According to the NBER, a consortium of economists, the economy reached its pre-recession peak in February 2020 before bottoming out in April as the novel coronavirus spread across the world and national governments issued social distancing rules and regulations. It then began to recover in May, making it the shortest recession in recorded history.

Yet the economy is still very much affected by those dramatic months last year. The U.S. is sifting through the aftermath of the actions it took to avoid catastrophe: the Federal Reserve stepped in to save the bond market, and the federal government doled out trillions in spending to keep American households afloat while their economy was locked down. While this may have avoided severe injury to the economic system, we’re now worried about inflation, rather than depression.
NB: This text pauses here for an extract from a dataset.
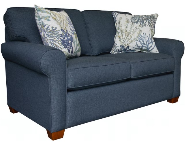 As shown, this Loveseat upholstered in dark blue fabric and pyramid legs in Walnut finish from Capris Furniture is cozy that will be perfect to elevate your living room space. Add elegance and beauty by incorporating this furniture into your home.Read More

Given the past 18 months didn’t play out as many predicted, it’s likely the following 18 months aren’t going to either. Therefore it’s worthwhile to reflect on what we learned in this remarkable time and how we can use those lessons to help our personal finances in the future.

Expect the Feds to Act

If ever there was a time for the federal government to prove too weak to respond to a crisis, it was the early months of 2020.

The political airways were atwitter with a throng of candidates vying for the Democratic nomination for the presidency, each doing whatever they could to make themselves stand out. Part of that included differentiating themselves as much as possible from then-President Donald Trump, who had just been impeached by the Democratically-led House of Representatives. Republicans, though, controlled the Senate and were in no mood to compromise with the other chamber.

Yet even a dysfunctional political class proved it could move quickly.

Just four days after the stock market finished a month-long 34% drop from its Feb. 19, 2020, highs, Trump signed a $2.2 trillion relief package that even a divided Congress quickly approved.

Aided by thousands in direct stimulus checks, ramped up unemployment benefits and a myriad of business loans, investors gave a sigh of relief and the S&P 500 ultimately returned more than 16% last year, or almost 65% from its March low.

Investors that kept to their long-term plans were able to reap the benefits.

“It is important to stay disciplined and disengage emotionally as much as possible,” says David McInnis, a principal at East Paces Group, an investment management firm. “We tried to keep our clients composed so they wouldn’t make decisions based on short-term circumstances, but on what they need 10, 20, 30 years from now.”